Scene from “The Good, The Bad, and the Toby”

All of the characters are stereotypes – the country bumpkin, the damsel in distress, the menacing foreman, the city slickers – as well as ethnic stereotypes such as the German housekeeper. Commentary in the program notes by a Toby Show veteran from South Carolina, points to the values represented in these shows:

These shows represented and reflected the rural American. Attending a Toby Show was akin to watching representations of themselves and what they believed acted out onstage. The values represented in the plays were the same values the patrons espoused. Toby Show plays, often called “mother, home and heaven shows,” stressed traditional rural ideologies including integrity, honesty and responsibility.
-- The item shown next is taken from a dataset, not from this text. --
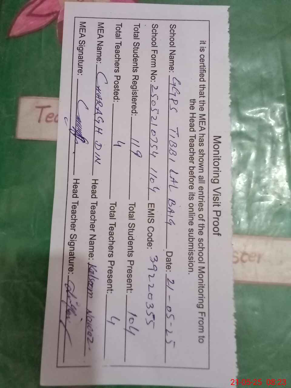 | EMIS Code: 39220355 | Name of School: GGPS TIBBI LAL BAIG | |||

It is evident that the Toby shows were and are today crafted with a very specific audience in mind, and that audience feels at home with the content. Mickel comments:

Toby came along during a period of crisis in American social life. The norm of American life as a fundamentally rural society…changed with great rapidity during the first thirty years of (the twentieth) century. City life became the ideal. Those who stayed behind felt that they must justify their actions. In all the plays written for the rural audience, one generalization is understood: that country life is essentially virtuous. When Toby triumphed, they themselves triumphed.

Rural life continues to face daunting challenges in this country: poverty, unemployment, depopulation, the youth moving away. The in-group feeling of this tradition, its historical pedigree, resonance, and the disarming character of Toby himself, lend the Toby Show its inherent charm and perhaps attest to this enduring function of holding up a positive mirror to rural communities.
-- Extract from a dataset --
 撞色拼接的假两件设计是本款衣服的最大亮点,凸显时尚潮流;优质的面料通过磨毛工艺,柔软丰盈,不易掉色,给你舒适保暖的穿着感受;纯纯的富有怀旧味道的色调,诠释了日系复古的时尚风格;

During intermission the actors mingled with the audience to sell packages of home-made taffy, a wildly popular item due to the fact that hidden in one of these packages was a ring worth $150. Children and teens were buying up to ten or twenty packages at a time and madly ripping them apart to find the ring. The lucky girl who found it was invited on stage to take a bow. Actors selling boxes of candy with a hidden “diamond ring,” “charm,” or “trinket” inside is yet another time honored facet of the traveling tent shows, as noted here by Bill Wundram in the “Quad City Times”:

True to tradition, the actors this year worked the audience with a candy pitch. They sold boxes of “Delicious Caroline Confection” (salt water taffy). Every box contained a prize, as in Cracker Jacks. A lucky few had coupons to be redeemed for bigger prizes. Long ago, prizes were dishes, dolls, wrist watches.
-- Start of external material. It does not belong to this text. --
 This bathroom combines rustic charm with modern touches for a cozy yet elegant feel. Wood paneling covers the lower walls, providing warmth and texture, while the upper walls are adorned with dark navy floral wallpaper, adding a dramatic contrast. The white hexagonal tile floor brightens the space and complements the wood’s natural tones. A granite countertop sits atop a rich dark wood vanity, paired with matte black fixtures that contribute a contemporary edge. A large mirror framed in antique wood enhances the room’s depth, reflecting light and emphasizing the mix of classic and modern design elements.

Before the curtain parted for the second act, Toby and the cast members told a series of jokes and performed comic dances to live music, adding a distinctly vaudeville element to the show. These routines were tacked on following the end of the play, as well; a standard trait of the traditional tent shows, according to Andy Reddick :

From the moment the curtain opened until it closed two hours later, the crowds were kept laughing or entranced in suspense due to the crazy antics presented on stage. In between acts singers, dancers and vaudeville artists delighted the audience.

Boys in the audience
Boys in the audience

The play started at 7:30 and we didn’t leave the tent until after 10:00, a stretch of time the audience seemed quite comfortable with as they were expecting it. Audience response throughout was spirited and enthusiastic – Toby and company had the attendees in the palm of their hands. These well tested elements of American touring folk drama apparently still have the capacity to enchant audiences through strict adherence to a classic mix of archetypical melodramas, stock characters, comic song and dance routines, candy sales driven by hidden prizes, and first and foremost, the beloved country rube himself. The Rivertime Players, led by Artistic Director Shane Bridges and Executive Director Mark Tubbs, have succeeded in making this long dormant rural American art form feel spontaneous, fresh, and vital and, by so doing, bringing it back home.